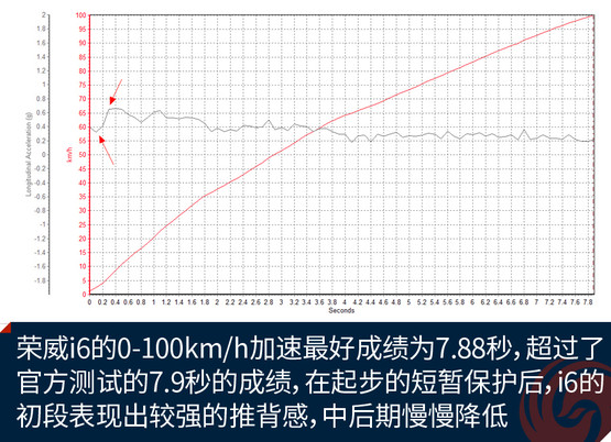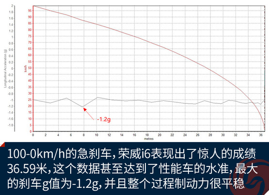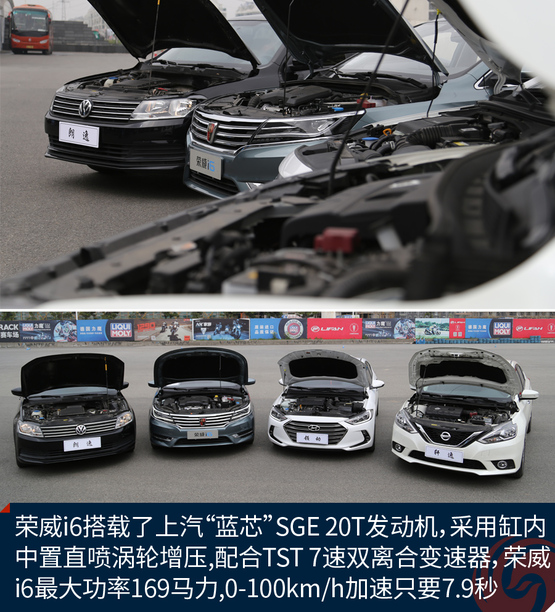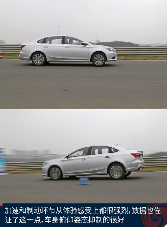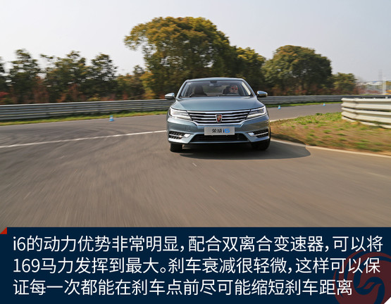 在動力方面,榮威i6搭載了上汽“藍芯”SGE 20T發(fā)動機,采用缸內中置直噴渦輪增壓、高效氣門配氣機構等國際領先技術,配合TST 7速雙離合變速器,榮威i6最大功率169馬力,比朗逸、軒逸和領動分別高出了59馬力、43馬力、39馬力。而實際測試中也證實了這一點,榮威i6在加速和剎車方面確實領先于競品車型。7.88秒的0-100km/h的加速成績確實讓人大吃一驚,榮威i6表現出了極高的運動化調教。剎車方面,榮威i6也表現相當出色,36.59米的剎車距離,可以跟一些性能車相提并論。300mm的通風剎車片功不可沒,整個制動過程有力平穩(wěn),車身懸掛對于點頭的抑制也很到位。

▬▬▬▬▬▬

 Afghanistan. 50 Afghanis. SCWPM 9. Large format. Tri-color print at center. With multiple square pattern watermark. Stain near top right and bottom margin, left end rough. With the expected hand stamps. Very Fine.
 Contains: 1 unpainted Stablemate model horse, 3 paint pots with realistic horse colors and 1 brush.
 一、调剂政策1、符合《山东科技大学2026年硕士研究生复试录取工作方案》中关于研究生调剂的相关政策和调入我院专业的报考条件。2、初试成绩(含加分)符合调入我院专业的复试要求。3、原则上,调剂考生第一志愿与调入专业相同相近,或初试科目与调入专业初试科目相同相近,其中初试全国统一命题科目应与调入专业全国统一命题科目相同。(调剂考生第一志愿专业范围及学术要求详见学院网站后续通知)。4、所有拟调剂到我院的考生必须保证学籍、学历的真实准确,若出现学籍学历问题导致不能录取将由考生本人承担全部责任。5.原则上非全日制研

▬▬▬▬▬▬

__What the exercise asks__
Begin with the line above that has "Contains: 1 unpainted" and continue through the line that has "一、调剂政策1、符合《山东科", setting each one down exactly. Stop there.

__Written response__
 Contains: 1 unpainted Stablemate model horse, 3 paint pots with realistic horse colors and 1 brush.
 一、调剂政策1、符合《山东科技大学2026年硕士研究生复试录取工作方案》中关于研究生调剂的相关政策和调入我院专业的报考条件。2、初试成绩(含加分)符合调入我院专业的复试要求。3、原则上,调剂考生第一志愿与调入专业相同相近,或初试科目与调入专业初试科目相同相近,其中初试全国统一命题科目应与调入专业全国统一命题科目相同。(调剂考生第一志愿专业范围及学术要求详见学院网站后续通知)。4、所有拟调剂到我院的考生必须保证学籍、学历的真实准确,若出现学籍学历问题导致不能录取将由考生本人承担全部责任。5.原则上非全日制研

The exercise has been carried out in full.